A reference to the data on the new device.

Example:

def transfer_batch_to_device(self, batch, device, dataloader_idx):
    if isinstance(batch, CustomBatch):
        # move all tensors in your custom data structure to the device
        batch.samples = batch.samples.to(device)
        batch.targets = batch.targets.to(device)
    elif dataloader_idx == 0:
        # skip device transfer for the first dataloader or anything you wish
        pass
    else:
        batch = super().transfer_batch_to_device(batch, device, dataloader_idx)
    return batch

See also

  • move_data_to_device()

  • apply_to_collection()

prepare_data(*args, **kwargs)[source]

Use this to download and prepare data. Downloading and saving data with multiple processes (distributed settings) will result in corrupted data. Lightning ensures this method is called only within a single process, so you can safely add your downloading logic within.

Warning

DO NOT set state to the model (use setup instead) since this is NOT called on every device

Example:

def prepare_data(self):
    # good
    download_data()
    tokenize()
    etc()

    # bad
    self.split = data_split
    self.some_state = some_other_state()

In a distributed environment, prepare_data can be called in two ways (using prepare_data_per_node)

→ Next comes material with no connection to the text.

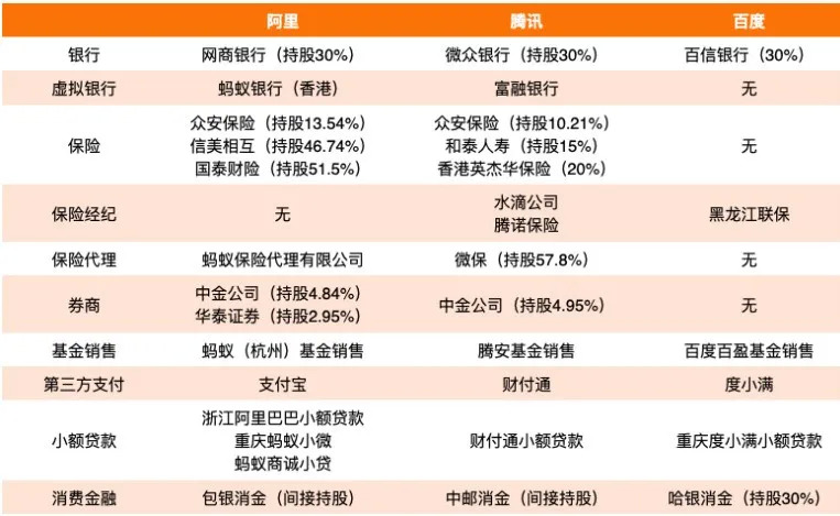同时,美团与滴滴等新晋的互联网巨头们也不甘落后,分别在第三方支付、银行、保险经纪、网络小贷等方面有所布局。

  1. Once per node. This is the default and is only called on LOCAL_RANK=0.

  2. Once in total. Only called on GLOBAL_RANK=0.

Example:

# DEFAULT
# called once per node on LOCAL_RANK=0 of that node
class LitDataModule(LightningDataModule):
    def __init__(self):
        super().__init__()
        self.prepare_data_per_node = True


# call on GLOBAL_RANK=0 (great for shared file systems)
class LitDataModule(LightningDataModule):
    def __init__(self):
        super().__init__()
        self.prepare_data_per_node = False

This is called before requesting the dataloaders:

model.prepare_data()
initialize_distributed()
model.setup(stage)
model.train_dataloader()
model.val_dataloader()
model.test_dataloader()
model.predict_dataloader()